「高倉でーす」
「
ノーブルでーす」
「2人合わせて…」
そんな息ピッタリの掛け合いが聞こえてきそう。太い絆で結ばれている
ノーブルマーズと
高倉稜ジョッキーの“名コンビ”が、
グランプリの舞台で大旋風を巻き起こす気がしてならない。
エントリー16頭中、デビュー戦から全レースでコンビを継続しているのは、この高倉&
ノーブルマーズのみ。2015年6月の新馬戦(2着)から丸3年、28戦も…というから驚きだ。
乗り替わりが常の近代競馬界において、まさに異例。ツーショット写真を要求すると、どちらからともなくスッと寄り添ってパシャ! まさに人馬の絆を感じさせる暗黙の意思疎通だ。
「ちょっとアカンかったらクビになる時代。オーナーの理解がなければ、あり得ないことですから。本当にオーナー、宮本先生に感謝です」とは手綱を取る高倉。一方で“相方”の
ノーブルマーズのキャラも際立っている。
「以前は競馬に乗るのも怖くなるほどヤンチャだった。今はだいぶオジサンになってきましたが、とにかくマイペースなんですよ」と高倉が分析すれば、宮本調教師も「もうとにかくトボケているから…」と笑うように仰天エピソードには事欠かない。
雷雨の中で行われたセリでは、雷の音に驚いてまさかの放馬。そのためセリに参加する人数が激減して1100万円という“オイシイ”価格で落札された。今現在、稼いだ賞金は1億6000万円超。まさにオーナー孝行の馬と言えようか。

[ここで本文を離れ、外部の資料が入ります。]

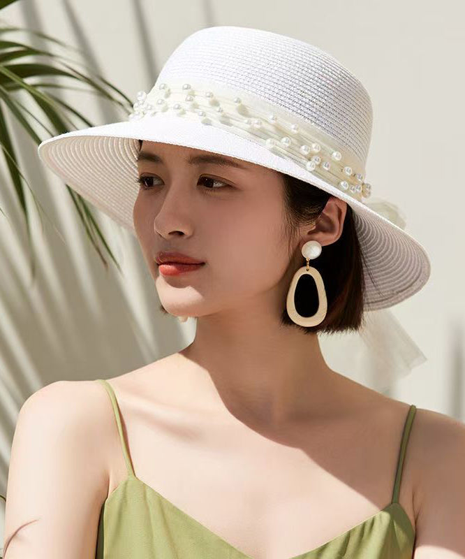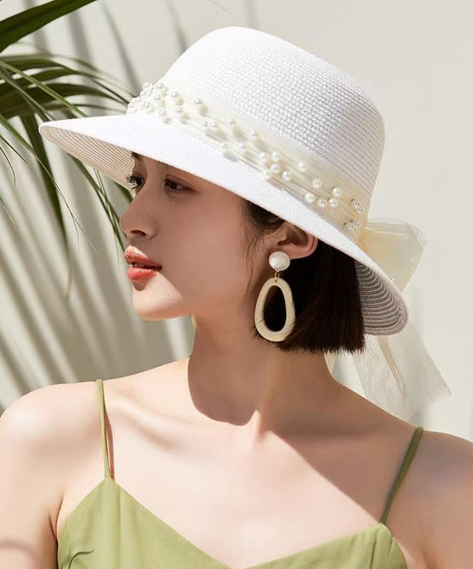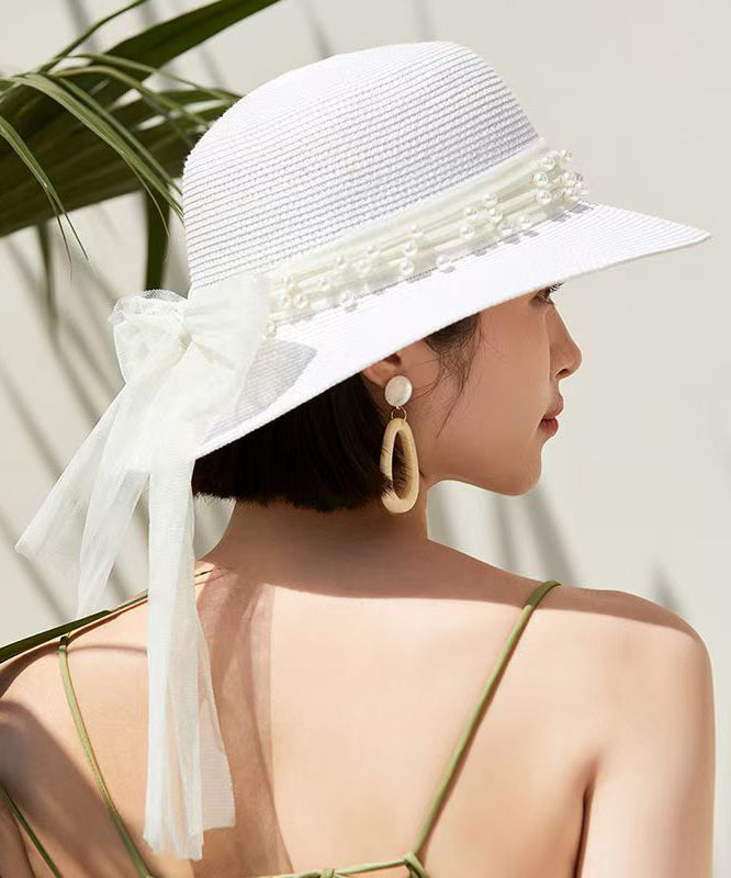 French White Bow Nail Bead Straw Woven Bucket Hat

馬っ気も芸人さながらだ。「ホントに牝馬が好きみたいで。あれだけ牝馬を見つめる馬って珍しい」と高倉が証言するように、あるレースではゲート入り直前に牝馬を見つけ、並足をピタッと止めて観察し続けていたという。
そんな愛すべき馬に対し、高倉は日頃から「大丈夫だよ」「怖くないよ」などと話しかけ、信頼関係を築いてきた。
「とにかく声をかけることを大切にしてきました。それにずっと乗っているから、今回こうだから、次はああしようって臨機応変に対応できる。やっぱりジョッキーとしては、同じ馬に続けて乗れるのはいいですよね」
坂路での最終追い切りでもコミュニケーションは抜群だ。
「あまり無理せず、ダメージが残らないように乗りました。馬場の割には動いたし、悪くないですね。最近は競馬っぷりが変わり、ここ2走は本当にいい面が出てきた。気持ちのタフさは他の馬とは違うと思いますね」
自由奔放に駆ける相方を、時にムチでツッコミ、きっちり操縦する高倉。狙うはM-1
グランプリ…ではなく、競馬界の
グランプリ制覇。文字通り「人馬一体」になって取りに行く。